While a student at Tulane, Tetlow served as an aide to former congresswoman and ambassador Lindy Boggs. After graduating from law school, she served as a law clerk to Judge James Dennis of the United States Fifth Circuit Court of Appeals, and from 1996-2000 she was an associate at Phelps Dunbar Law Firm in New Orleans, litigating complex commercial transactions, civil fraud, and representing journalists in first amendment issues. She then served as an assistant United States attorney for the Eastern District of Louisiana, prosecuting violent crimes and major narcotic cases.[6]

In 2005, Tetlow became an Associate Professor and Director of Tulane's Domestic Violence Clinic, where students represented clients escaping violent relationships and protecting their children.

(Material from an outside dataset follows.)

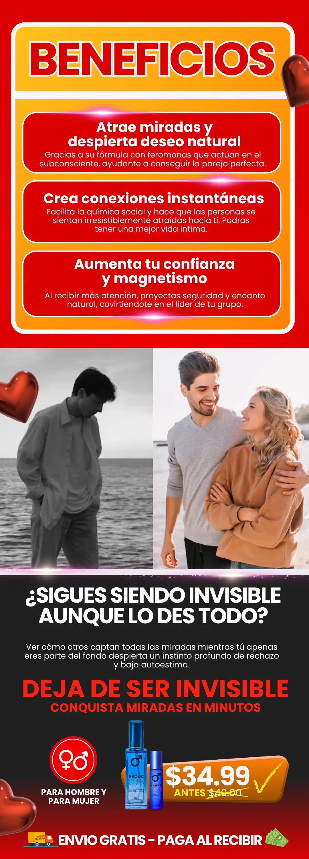 Copulina | Feromona femenina que aumenta la testosterona en hombres al olerla, disparando el deseo y el interés sexual. |

She raised $2.3 million in federal grant funds for the clinic. Tetlow organized efforts for criminal justice reform in New Orleans for victims of domestic violence and sexual assault, and has advised several governments around the world. In 2014, she traveled to China as part of a U.S. State Department delegation people-to-people high level exchange. In addition to her involvements with law, she also helped raise $7 million to rebuild libraries following Hurricane Katrina in 2005.[7]

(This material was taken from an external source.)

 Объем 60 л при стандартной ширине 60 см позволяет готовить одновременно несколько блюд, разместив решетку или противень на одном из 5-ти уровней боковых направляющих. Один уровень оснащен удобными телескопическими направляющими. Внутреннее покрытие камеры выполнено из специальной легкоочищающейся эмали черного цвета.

Tetlow started her teaching career in 1998 as a part-time adjunct professor at Loyola University New Orleans College of Law, where she taught a seminar on constitutional law and race. She rose to full professor at Tulane Law School and focused her scholarship on equal protection and discrimination in juror selection. Her research helped create new anti-discrimination policies at the U.S. Department of Justice. In 2015, Tetlow became Associate Provost for International Affairs at Tulane, a newly created position to coordinate the university's international activities, programs and students.[7]

Tetlow was appointed Senior Vice-President and Chief of Staff at Tulane in 2015 and served as the top strategic advisor to the university's president, Michael Fitts. During her time in that role, the university's enrollment, retention and fundraising increased.[6]

Loyola presidency

On May 2, 2018, Tetlow was elected president of Loyola University New Orleans, following the retirement of Kevin Wildes. She was the first female to become president of the university. She was the first non-Jesuit to hold the position.[4]

Tetlow was inaugurated as the 17th president of Loyola on November 16 at Holy Name of Jesus Catholic Church in New Orleans. The inauguration was a two-day celebration that included a missioning mass, an on-campus student event, and the official ceremony. New Orleans Mayor LaToya Cantrell, President Emeritus of Xavier University of Louisiana, Dr. Norman C. Francis, journalist and friend of Tetlow, Cokie Roberts, and Tulane President, Michael Fitts were among the guests who spoke at the inauguration ceremony.[8]

Fordham presidency

On February 10, 2022, Tetlow was named president of Fordham University in New York City effective July 1, 2022. She is the first female and first layperson to be named to that position in its 181-year history.[9][lower-alpha 1]

Personal life

Tetlow married Gordon Stewart, then a business professor at Xavier University in New Orleans, in 2009.[2]

Notes

  1. She is not the first non-Jesuit. The earliest presidents of Fordham were secular priests.[5]